Doch vielleicht ist in der Stadtspitze auch die Erkenntnis eingezogen, dass angesichts umwelttechnischer Probleme der markig erscheinende Griff nach der Abrissbirne nicht mehr unbedingt state of the art ist. Das Thema Erhalt und Umbau drängt immer mehr ins Bewusstsein von Bauherren, Architekten und Städteplaner. Aus gutem Grund, sind es vor allem die explodierenden Baukosten, die keine Planungssicherheit mehr versprechen. Die Frage nach Ressourcenschonung wird immer erheblicher. Bauten, Räume und öffentliche Nutzung gedanklich neu anzugehen, ist erst im vergangenen Jahr im sogenannten „Abrissamoratorium“, einem offenen Brief von 170 Erstunterzeichnern verschiedener Architektenverbände und Umweltorganisationen an die Bundesbauministerin Clara Geywitz, konstatiert worden. Sie forderten eine Bauwende und rechnen die schlechte ökonomische und ökologische Bilanz von Abrissen vor.
Ein Grund, das in die Jahre gekommene Haus abzureißen, könnte die schlechte Energiebilanz sein. Das drohende Energieeffizienzgesetz, die Rezession und die gestiegenen Energiekosten lassen gerade klamme Städte wie Gelsenkirchen nicht kalt. Doch muss man hier genau hinschauen, denn die bisherigen „Energieeffizienzklassen“ erfassen nur einen Teil des tatsächlichen Energieverbrauchs. Insbesondere die Graue Energie bleibt unberücksichtigt, also der indirekte Energiebedarf bei Materialabbau, Herstellung, Transport, Bau und Installation eines Gebäudes.
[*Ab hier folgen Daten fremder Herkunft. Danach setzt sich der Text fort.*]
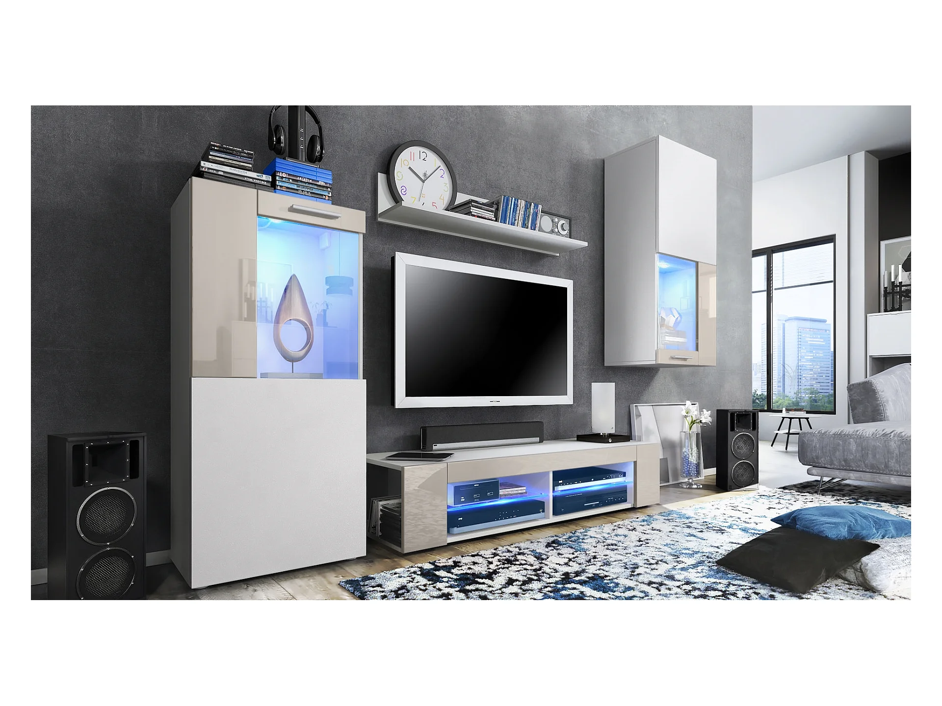 Ensemble de salon Movie comprenant 1 meuble bas TV, 2 vitrines et 1 étagère, Blanc mat/Gris sable haute brillance, (Dimensions totales : 300 x 190 x 39 cm)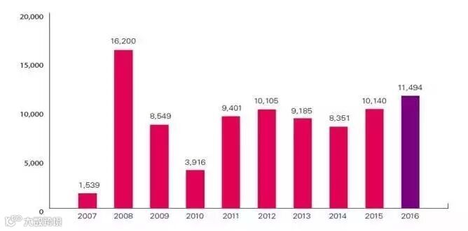 2016年,中国企业在基础设施领域的投资达到43.4亿澳元,创下历史新高,这主要得益于Asciano和墨尔本港的两大交易。农业领域的投资,在2015年只有3.75亿澳元,2016年则超过了12亿澳元,达到了有史以来最大的规模。能源类投资达到11.5亿澳元,医疗行业的投资达到13.5亿澳元,依然强劲。

Rund 80 Prozent der beim Bauen entstehenden Schadstoffe stecken in Rohbauten, während eine umfassende Sanierung von Bestandsgebäuden nur ein Fünftel der CO2-Emissionen neuer Bauten verursachen würde.
Der Gelsenkirchener hatte seit je her ein ambivalentes Verhältnis zum Bau des Bildungszentrums. Gerne als Bildungsbunker verspottet war es zur Eröffnung 1972 doch ein Vorzeigeobjekt des renommierten Architekten Harald Deilmann. Es ist ein Kind seiner Zeit. Der Denkmalschutz spielt hier keine Rolle, da zu jung und gestalterisch letztlich auch nicht einzigartig genug. Doch sollte man der Frage nach der Zukunft des Gebäudes mit Bedacht nachgehen. Durchaus könnte es in Zukunft als schützenswert angesehen werden. Dass sich der Blick auf Baubestand ändern kann, haben wir spätestens nach der Wende in Berlin beobachten können. Hier wurden die verschmähten Altbauten aufgekauft, saniert und sind heute die begehrtesten und teuersten Objekte der Stadt.
Das Bildungszentrum atmet den Charme der guten alten Zeit, als es darum ging, Bürger zu beteiligen, sich sozial öffnen, jeden mitzunehmen. Der Reformgedanke findet sich im Sichtbeton, in den Handläufen und der gesamten Anmutung wieder, und es ist ein Teil Gelsenkirchener Geschichte.
Zu hoffen ist, dass Verwaltung und Politik den Bürgerwillen abfragen und die Menschen beteiligen. Zu hoffen ist auch, dass genug Expertise auch von anderen Professionen und Meinungen eingeholt wird, und die Frage ergebnisoffen diskutiert wird.